“But its already public, right?”: The ethics of using online data


In this rapidly changing and rich media landscape, there are multiple, new and emerging ways in which people communicate their opinions regarding contemporary issues, presenting new opportunities for social research.  Social media has become a major platform from which people source, share and discuss news and current affairs.  It not only provides new opportunities for researchers; it presents significant ethical challenges.

These challenges should concern anyone working with online data as the consequences of not addressing them can be serious. There are economic, as well as moral and legal arguments for internet research ethics.  In their new data ethics book, Gry Hasselbalch and Pernille Tranberg argue that companies and organisations who consider ethics a social responsibility have a competitive edge over those who do not.

Starting out as a social media researcher, I was of the view that the public nature of social media data meant I did not need to concern myself with research ethics; that, much like a published news article, I was free to analyse Facebook pages and public groups.

It was not until I came across Michael Zimmer’s article on the ethics of Facebook research that I began to think seriously about internet research ethics.  This article led me to investigate further, firstly by contacting other social media researchers.  I asked, “is the ‘it’s public’ defence arguable? Do I need ethics approval? Should I consider strategies like paraphrasing of data?”

My inquiries pointed strongly to ethics as a serious and growing issue of concern for internet researchers and others working with online data, but I received no definitive answers to my questions.

Desktop research uncovered guidelines and other resources which quickly expanded my knowledge of the topic.  These guidelines outlined various ethical issues, posed questions and provided case studies.  I wanted something prescriptive, but my research only led to further research questions and conversations with academics.  It felt like I was going around in circles.

During this process my concerns about the legal implications of my research and my reputation as an emerging social media researcher were joined by genuine concerns for the privacy and safety of social media users.  The process led me to consider my values as a feminist researcher and how these, along with other considerations, might inform any decisions I made around ethics. 

Below I present some of the key ethical issues and possible ways around them.  This discussion is by no means exhaustive, so this article also provides links to further reading.  In addition to the concerns listed below, researchers and data driven journalists should consider any relevant ethical guidelines, laws and platform policies provided by the social networks themselves.

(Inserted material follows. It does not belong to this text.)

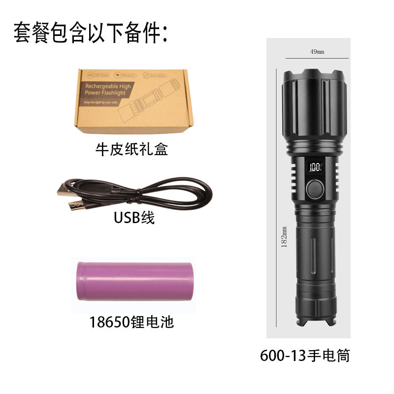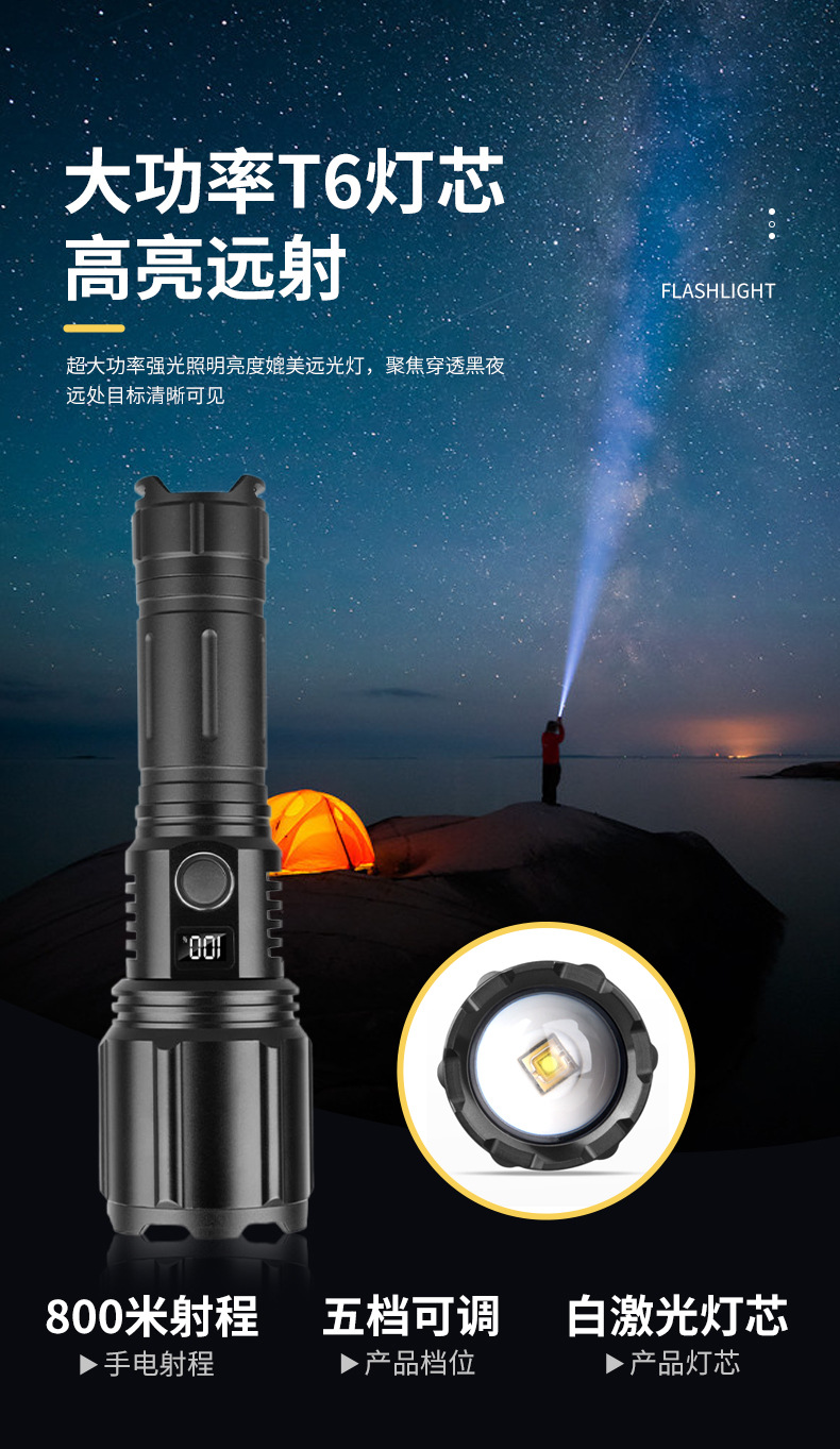 야외 손전등 강한 빛 레이저 총 장거리 다기능 슈퍼 밝은 줌 휴대용 긴 배터리 수명 USB 충전 비상

Is the information public?

One of the biggest concerns with social media data is whether it should be considered public or private.  The public accessibility of social media data is used to justify its use for research purposes, however, as with other forms of data collection involving human subjects, this poses ethical concerns.  In the end, these issues come down to consent.  For example, Facebook members consent to the use of their public data (like posts and comments published on pages and public groups) for research purposes when they sign up to the platform (see Facebook Data Policy, section III), but it is questionable whether informed consent  exists given that social media users commonly report that they do not read terms and conditions.

According to the British Psychological Society, the question of whether social media data can be considered public or private depends on whether social media users can reasonably expect their data to be public.  It would be reasonable, for example, to expect that those tweeting Twitter, a public platform, are aware that they are being observed by strangers.  Conversely, members of a closed Facebook group may expect some degree of privacy since members must request to join and typically cannot see posts until they have been accepted by an administrator.

In such cases, it is advisable to contact site administrators, or gatekeepers of password protected sites, for permission to access data, in addition to seeking the consent of individual users to republish their data.  However, Leanne Townnsend and Claire Wallace of the University of Aberdeen argue in their guide to social media ethics that ethical concerns regarding the reuse of public data need not apply to public figures and organisations whose information is intended to be widely disseminated.

Complicating the British Psychological Society’s guidelines, there is some evidence that social media users feel that, although the substance of their communication may be public, the context in which their data is published implies restrictions on how it should be used by others. In one instance, high school students were angry that their Facebook profile images were used by teachers and law enforcement officers in a school presentation to highlight the dangers of posting private information online.  One student called it a “violation of privacy”.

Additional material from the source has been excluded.